La seconda edizione di questo festival – ideata dalla fotografa romana Ilaria Prili – si prospetta speciale, aperta com’è alle immagini delle pluripremiate fotografe internazionali Sarah Elliott, Simona Ghizzoni, Bénédicte Kurzen, Ilvy Njiokiktjien, Laerke Posselt, Alisa Resnik Lana Slezic.

Cinque lunedì di proiezioni e musica, accompagnate da letture di testi, toccano temi diversi, le violenze e i soprusi, i diritti negati e le lotte per i diritti auspicati. Ma c’è anche spazio per la famiglia e l’amore, la bellezza e la speranza. La fotografia diventa un racconto della realtà, «fotografia non soltanto come fatto estetico- cronachistico, ma anche, e forse soprattutto, come arte capace di indagare la psicologia dell’uomo nel suo vivere qui ed ora, nella prospettiva affascinante dei valori e dei problemi dell’essere», spiega la Prili, curatrice della mostra.

Le fotografe coinvolte dal progetto hanno ottenuto prestigiosi riconoscimenti partecipando al WorldPress Photo, il più importante premio dedicato al fotogiornalismo internazionale, al Pictures of the Year International, al Prix de la Photographie Paris, al New York Photo Awards, e a molti altri. I luoghi del mondo coinvolti dalle immagini sono quelli in cui si sta scrivendo la storia contemporanea, come le terre della Primavera Araba (Nadia Shira Cohen) o la Georgia (Rena Effendi).
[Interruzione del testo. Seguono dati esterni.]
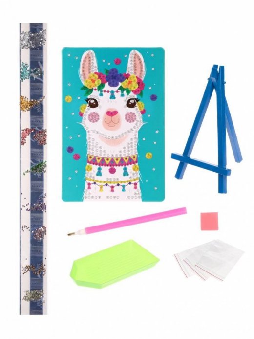 Алмазная мозаика «Лама» порадует всех юных поклонников творчества! Задача ребёнка – сделать красочную картинку ещё более эффектной, задекорировав её сверкающими разноцветными стразами. В комплекте – картонная основа с рисунком размером (ДхШ) 10х15 см, стразы, инструмент для наклеивания страз, подставка и ёмкость для страз.

Ma lo scopo del fotogiornalismo è spesso quello di narrare storie nascoste, lontane dai riflettori.

Così Simona Ghizzoni racconta la tragedia silenziosa e dimenticata del Sahara Occidentale attraverso le testimonianze delle prigioniere sopravvissute, mentre Sofie Amalie klougart racconta della base militare danese dove si addestrano i soldati destinati all’Afghanistan, cui fa da controcanto il lavoro di Lana Slezic dedicato proprio alle donne che vivono nelle terre afghane. Particolarmente azzeccata la dimensione tridimensionale del percorso, calibrato attraverso linguaggi diversi che si integrano e costruiscono una armonia di significati tra musica, immagini e letture.